Recently, I read the book "programming pearls", which focuses on the explanation of engineering treatment, which is well written. The most impressive example is the Brooklyn Bridge. Before the 1940s, many suspension bridges broke due to storms. To do the correct mathematical modeling and engineering calculation of this aerodynamic rise phenomenon, it will take 10 years. At the same time, the Brooklyn Bridge did not break. John Roebling, an engineer, said that he knew the existence of aerodynamic rise, but he could not deal with it (modeling) correctly in essence, so he designed the bridge according to six times the required strength. Finally, the author suggests that we reduce the performance estimation by a coefficient of 2, 4 or 6. In fact, it is necessary to reserve enough performance. The author finally said, "are we the same engineers as John Roebling? I doubt it.".
To get back to business, the book mentions the space-time overhead model, which is used to calculate the space-time overhead in the code, and can be easily used for code performance estimation and code optimization. This article has sorted out this code, which can be added to the utils library and run on ESP32 and STM32F103C8.
Space occupancy of basic types
#define SIZE_MEASURE(T) \ do { \ printf("sizeof(%s)=%d\n", #T, sizeof(T)); \ } while (0) void platform_base_type_size_measure(void) { printf("\nplatform_base_type_size_measure\n"); SIZE_MEASURE(char); SIZE_MEASURE(short); SIZE_MEASURE(int); SIZE_MEASURE(long); SIZE_MEASURE(long long); SIZE_MEASURE(float); SIZE_MEASURE(double); SIZE_MEASURE(int*); }
The previous knowledge points are used here.

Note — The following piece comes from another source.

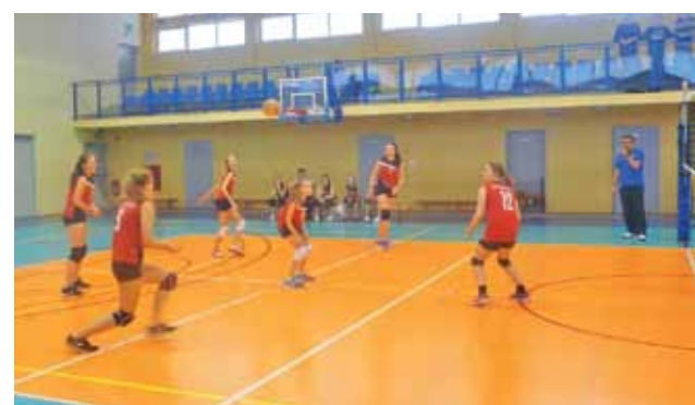
Siatkarki Mickiewicz Żychlin w wygranym 2:0 spotkaniu 9. kolejki KALS Kobiet z drużyną UKS Strzelce.

Najbliższy mecz drużyna Mickiewicz Żychlin rozegra 31 stycznia z drużyną Kasprowicz Kutno. mr
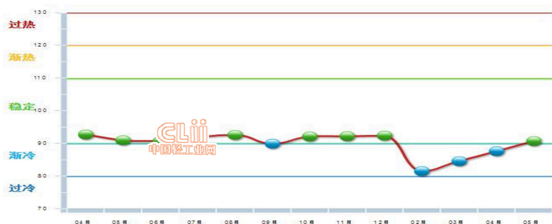
图 1.1 2016.4~2017.5 电池行业景气指数变化态势

2017年受电池行业利润下滑的影响，2月起中轻电池景气指数跌入“渐冷”区，3月后中轻电池景气指数开始逐步回升，5月指数重回“稳定”提示区。2017年5月中轻电池景气指数为90.7，与4月87.62比上升了3.08的百分点，进入“稳定”提示区。（参见图1.1）

The macro definition parameters are prefixed #, which can be converted into strings.
result:
platform_base_type_size_measure sizeof(char)=1 sizeof(short)=2 sizeof(int)=4 sizeof(long)=4 sizeof(long long)=8 sizeof(float)=4 sizeof(double)=8 sizeof(int*)=4
Because both esp32 and stm32 are 32-bit platforms, int is 4 bytes and pointer is 4 bytes.
Structure alignment and malloc footprint
typedef struct{char c;} structc; typedef struct {int i; char c;} structic; typedef struct {int i; struct structip *p;} structip; typedef struct {double d; char c;} structdc; typedef struct {char c; double d;} structcd; typedef struct {char c; double d; char cc;} structcdc; typedef struct {int i; int ii; int iii;} structiii; typedef struct {int i; int ii; char c;} structiic; typedef struct {char c[12];} struct12; typedef struct {char c[13];} struct13; typedef struct {char c[28];} struct28; typedef struct {char c[29];} struct29; #define SIZE_MALLOC_MEASURE(T) \ do { \ printf("%s%c\t", #T, strlen(#T)<8?'\t':' '); \ printf("%d\t", sizeof(T)); \ int lastp = 0; \ for(int i=0; i<11; i++) { \ T* p = (T*)malloc(sizeof(T)); \ uint32_t thisp = (uint32_t)p; \ if(lastp != 0) \ printf(" %d", thisp - lastp); \ lastp = thisp; \ } \ printf("\n"); \ } while (0) void platform_struct_size_measure(void) { printf("\nstruct\t\tsizeof\t malloc size\n"); SIZE_MALLOC_MEASURE(int); SIZE_MALLOC_MEASURE(structc); SIZE_MALLOC_MEASURE(structic); SIZE_MALLOC_MEASURE(structip); SIZE_MALLOC_MEASURE(structdc); SIZE_MALLOC_MEASURE(structcd); SIZE_MALLOC_MEASURE(structcdc); SIZE_MALLOC_MEASURE(structiii); SIZE_MALLOC_MEASURE(structiic); SIZE_MALLOC_MEASURE(struct12); SIZE_MALLOC_MEASURE(struct13); SIZE_MALLOC_MEASURE(struct28); SIZE_MALLOC_MEASURE(struct29); }
The naming rule is: c:chart i:int d:double, and they are spliced with each other.
result:
struct sizeof malloc size int 4 16 267900 16 16 16 16 16 16 16 16 structc 1 16 16 16 16 16 16 16 16 16 16 structic 8 16 16 16 16 16 16 16 16 16 16 structip 8 16 16 16 16 16 16 16 16 16 16 structdc 16 20 20 20 20 20 524 20 20 20 20 structcd 16 20 20 20 20 20 20 20 20 20 20 structcdc 24 28 28 28 28 28 28 28 28 28 28 structiii 12 16 16 16 16 16 16 16 16 16 16 structiic 12 16 16 16 16 16 16 16 16 16 16 struct12 12 16 16 16 16 16 16 16 16 16 16 struct13 13 20 20 20 20 20 20 20 20 20 20 struct28 28 32 32 32 32 32 32 32 32 32 32 struct29 29 36 36 36 36 36 36 36 36 36 36
It can be seen that the structure will be aligned and completed, and 8 bytes will be supplemented with a double. Therefore, if you want to use the structure conversion protocol in the communication code, remember to use #pragma pack(1) to align by 1 byte.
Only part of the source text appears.